Syrian regime never try to recapture oil fields from ISIS




Recent years witnessed the Islamic State forces taking over most of Syria’s oil production more than three years ago, and the Kurdish forces seizing the Rumailan oil fields. Throughout all this, the regime did not make any attempts to retrieve these fields, and it did not even bomb the fields to ensure the Islamic State did not benefit from them. Syrians asked and continue to ask, why?

It is known that Syria's production of oil was between 340,000-370,000 barrels per day, and in very few instances it rose to above 380,000 barrels per day before 2011. Several international companies were extracting the oil including, the Dutch-British Shell company in partnership with the Euphrates Oil company.

All of their fields were located in the Rumailan which produce other 110,000 barrels per day. The second company was the French Total which operated in Deir Ez Zor and extracted oil in cooperation with the Deir Ez Zor Syrian Oil company. The production in Deir Ez Zor reached 70,000 barrels daily. The two companies’ production reached more than 200,000 barrels per day. The partnership with the Syrian companies includes two stipulations that the majority of the staff the foreign companies are Syrian, and regarding production, the Syrian government buys oil from them at a price lower than the international price and exclusively in Syrian Pounds.

The remaining oil production, more than 150,000 barrels per day, was extracted by several companies, including a Canadian and a Syrian company. The Syrian state bought the oil in the same manner.

Most of the Syrian oil production was purchased by the Syrian government almost entirely from foreign companies, whereby 100,000 barrels per were designated for daily domestic demand, and the remainder was exported for US Dollars through other foreign companies controlled by Bashar al-Assad’s maternal uncle, Mohammad Makhlouf who made huge personal profits.

The overview of the oil production may help explain the regime's lack of interest in losing its oil production, since it was mainly purchasing the oil from the foreign companies anyway. The only variable that has happened is that the regime used to buy the oil in Syrian Pounds but now must buy it with hard currency.

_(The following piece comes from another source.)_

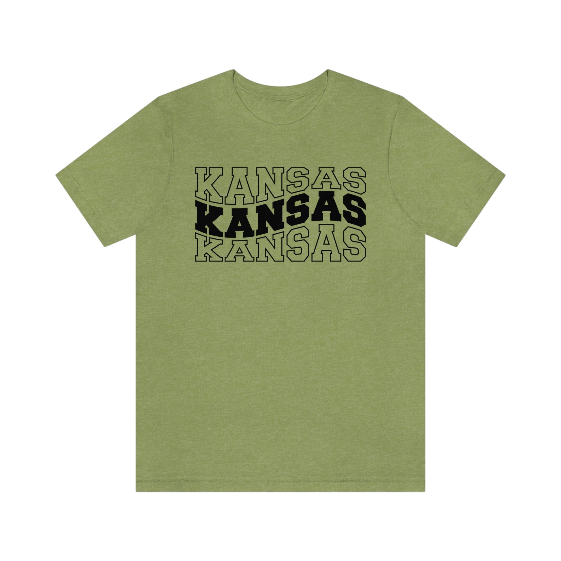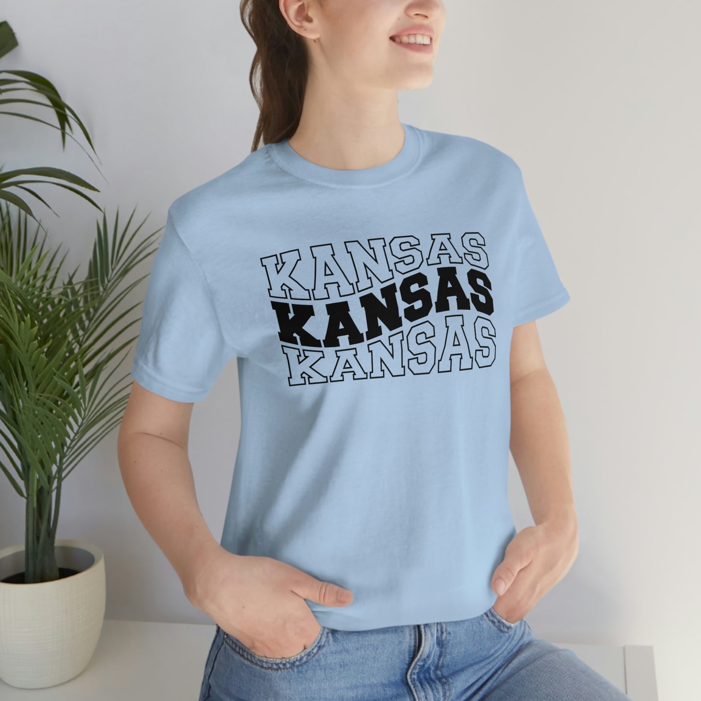 Show off your love and pride in Kansas with this classic unisex short sleeve t-shirt showing Kansas written in varsity letters in a triple wave design. This tee fits like a well-loved favorite. Soft cotton and quality print make you fall in love with it over and over again. These t-shirts have ribbed knit collars to bolster shaping. The shoulders have taping for better fit over time. Dual side seams hold the garment's shape for longer.

So, rather than depending on the what is produced locally, Iran exports oil to the regime. The regime was never interested in regaining the oil fields in northern Syria because they did not belong to the state but to foreign companies. When the Islamic State took over the oil fields in Deir Ez Zor, the Syrian regime continued to buy raw oil from the Islamic State and in Syrian Pounds without this affecting the regime’s economy in any way.